David Peterson, Orlando, FL, did not see why an existing default should be relevant. Charles Menges, Richmond, VA, agreed, suggesting that defaults are not relevant unless the loan amendment documents provide that they are not effective if there is any existing default. In the absence of such provisions, he considers to be adequate an assumption that the existing loan documents are valid, bind and enforceable, have not been otherwise amended and are in full force and effect immediately before the execution and delivery of the amendment documents.

2. Cross-Border Guaranty and Opinion by Borrower’s Counsel. Vikas Varma, Goshen, NY, described a guaranteed loan where borrower and lender were located in Israel, borrower’s subsidiary was a Delaware corporation, and the loan documents and guaranty were governed by Israeli law. He asked whether it was reasonable for a US lawyer to be asked to opine that “The choice of Israeli law to govern the Documents would be recognized and given effect to by the courts of the relevant Jurisdiction and accordingly if proceedings were brought against the Guarantor before those courts, those courts would apply the laws of the State of Israel as the proper law of the Documents. A judgment of the courts of the State of Israel would be recognized and enforced in the relevant Jurisdiction by the courts of the relevant Jurisdiction. An Israeli address for service of proceedings will bind the Guarantor.” The question generated a number of responses.

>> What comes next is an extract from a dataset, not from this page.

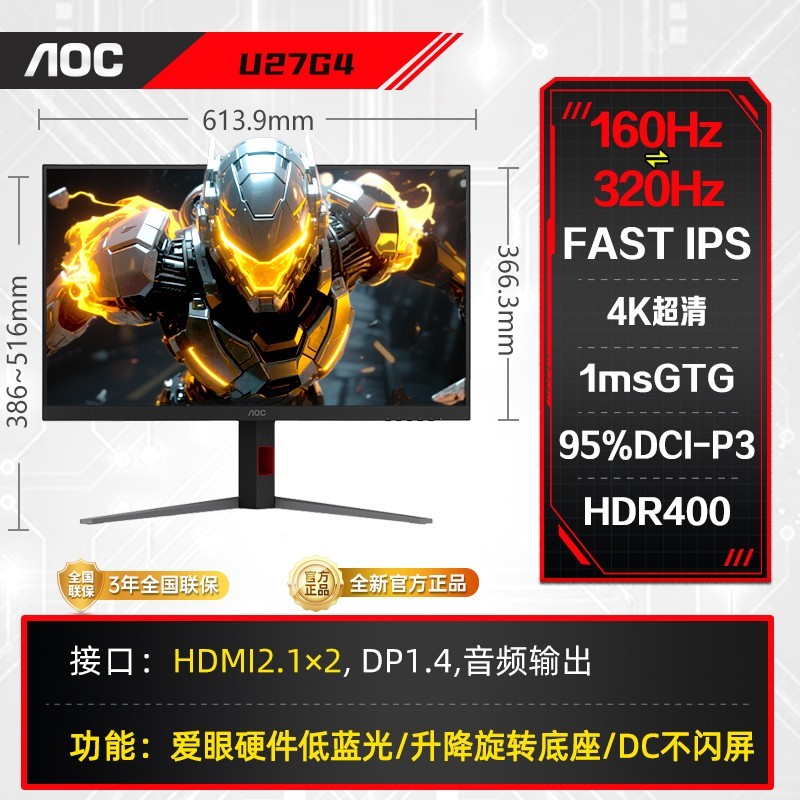 AOC G4宙斯盾推出的U27G4 27英寸显示器值得关注。AOC U27G4采用IPS面板,拥有3840×2160的高分辨率、320Hz的高刷新率、95%DCI-P3广色域以及HDR400技术,还具备MBR Sync功能。

Stanley Keller, Boston, MA, and Robert Grauman, Waltham, MA, both referred to Cross-Border Closing Opinions of U.S. Counsel, 71 Bus. Law. 139 (2015), authored by the Legal Opinions Committee of the Business Law Section of the ABA and available at that Committee’s Legal Opinion Resource Center. They also noted that upstream guarantees involve questions of corporate power, which is a matter of internal affairs governed by the law of the jurisdiction of organization. Mr. Grauman noted that an assumption as to enforceability under Israeli law would be necessary and that an analysis of what proceedings are necessary for approval (e.g., the Delaware GCL explicitly provides for such a guarantee, but the NY BCL could require shareholder approval – obviously not an issue since the shareholder is the parent borrower, but simply a procedural hoop to jump through). He also noted the need to flesh out the reference to “relevant Jurisdiction”, e.g., whether it refers to the law of the jurisdiction of the opinion giver or the law of the jurisdiction of organization.

Barry Fischer, Chicago, IL, and Marshal Grodner, Baton Rouge, LA, both referred to the 2005 Uniform Foreign-Country Money Judgments Recognition Act and its predecessor, the 1962 Uniform Foreign Money Judgments Recognition Act. Charles Menges, Richmond, VA, may attach to the letter a list of the various conditions of the Uniform Act as enacted in Virginia.

Marshal Grodner also noted that the choice of law opinion is the regular analysis of the law of the relevant jurisdiction. Mark Duedall, Atlanta, GA, provided a sample of a reasoned choice of law opinion which he described as the most he ever gives or gets.

John Williams, Wilmington, DE, provided a war story and a link to a reported Delaware case which granted the defendant’s Motion to Vacate Foreign Judgment. Abd Alwakhad v. Amin, No. L-21-489, 2005 WL 2266662 (Del. Super. Ct. Sept. 14, 2005). The court gave three reasons for its judgment. First, the notice received by the defendant did not comport with due process in that (a) the initial documents were in Hebrew, a language not spoken or read by the defendant, (b) the translated documents were not sent by a court, but from a private attorney, and (c) the translated documents did not state whether the defendant was obligated to respond or face a default judgment. Second, it was not established that the foreign court had personal jurisdiction over defendant. And finally, there was evidence that the judgment may have been obtained by fraud. The Uniform Acts includes these reasons that require or permit a court to not recognize a foreign judgment.